Welcome kingbum and thank you for your willingness to enter into dialog.
Let me take a number of items you list in turn.
...My big thing right now is with the increase in seismic activity we have had worldwide,
That's an illusion of sampling. The world isn't having more earthquakes. It's measuring more earthquakes because more seismographs are being installed in more places they've never been before. If more earthquakes started happening on Iceland, in areas other than that where the volcano is erupting, it might be a reasonable to think there was some connection.
... how it seems to be following eerily the same eruption pattern Laki did in 1784...
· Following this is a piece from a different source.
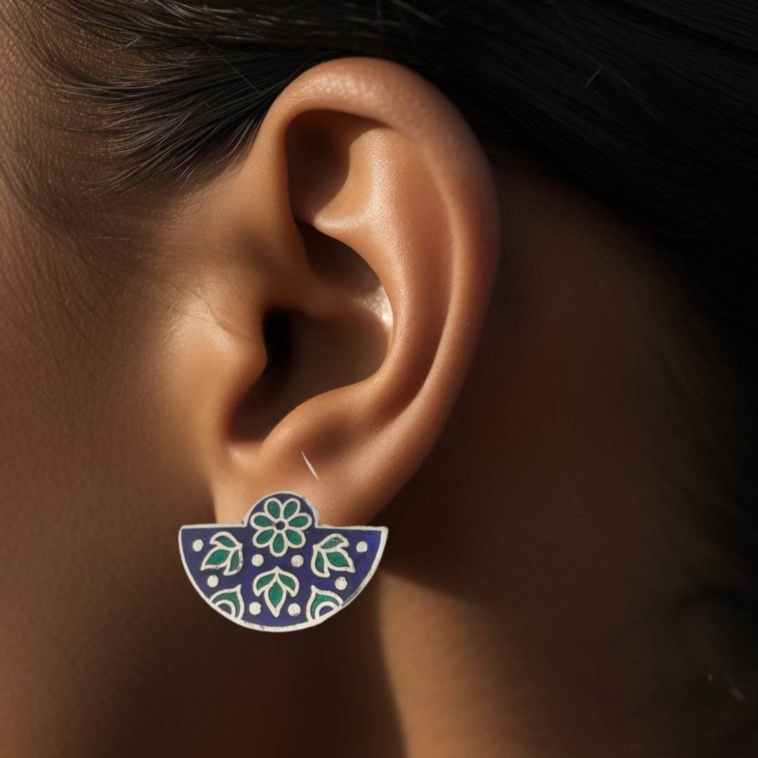 Description: Inspired by the rich cultural heritage of Rajasthan, these Meenakari Earrings are adorned with intricate hand enamel work in vibrant shades. Perfect for adding a traditional flair, they are an ideal choice for cultural celebrations and special events.
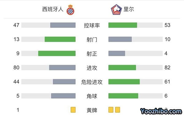 第59分钟,西班牙人新援何塞卢打破僵局。西班牙人1-0里尔。

That similarly is illusory. We know rather little about Laki aside from its aftermath - the evidence left lying around after the eruption stopped. There's very little which we can say about the current eruption which it holds in common with Laki. Beyond the facts that
1) Its on Iceland in an area split by a crustal spreading center
2) we have a fissure eruption producing a moderate volume of fluid magma
3) there are moderate amounts of gasses typical to Icelandic eruptions being released (SO2, F, CL, CO2, CO, water vapor, et. al.)
... we really can't conclude the current eruption will evolve anything like Laki. It's complete speculation to think so.
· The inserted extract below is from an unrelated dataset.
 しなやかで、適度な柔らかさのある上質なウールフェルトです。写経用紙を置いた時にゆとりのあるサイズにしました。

....given the reduction in TSI and the increase of both ice and SO2 in the atmosphere how can we logically assume that the ice cap in the arctic won't recover more.....
It's important to avoid the mistake to conclude a small number of events (2) can permit one reliably predict a change. 2013/2014 don't yet imply a recovery. There need to be quite a few more of them - at least 3 or 4 - before we can start talking recovery. There would also need to be significant increases in coverage - volume did increase year over year 2013/2014 - but still not so much that they made it back to pre-2007 levels. 2013/14 Area and Extent are in a dead heat. That outcome was driven by weather and feedbacks to the 2012 melt, which it seems was way outside of the trend.
Further, the impact of aerosols from the current eruption will not be enough in scale, or importantly
persistent enough to seriously influence the ice. Smoke from the wildfires in Canada and Siberia are more likely to affect the state of the ice than volcanic gasses, even if we reach "Laki" levels of emissions.
....just look at Antarctica and the record extent its at and near record area
Once again correct in fact, but incorrect in underlying assumption - that the increase of Antarctic ice signals some sort of recovery in the system. The best research suggests that ice in the Antarctic is in rather dire straights - a number of large shelves have disintegrated over the last few seasons, and warm southern water has undermined and mobilized sheets of ice coming off of the west antarctic sheet. The "recovery" is the product of a feedback which has tended to isolate the Antarctic from intrusions of warmer air from lower latitudes. The effect isn't more ice so much as it is greater volatility. The heat entering the system is still increasing.
....all of that ice must produce an albedo effect and at what time does all this become like a domino effect? Its just something that's bugging me
The "dominoes" are neither massive enough nor numerous enough to change the trend. Albedo is just one component of the system as a whole, which affects heat transfer. There are many other aspects of the system which would require significant positive change to affect.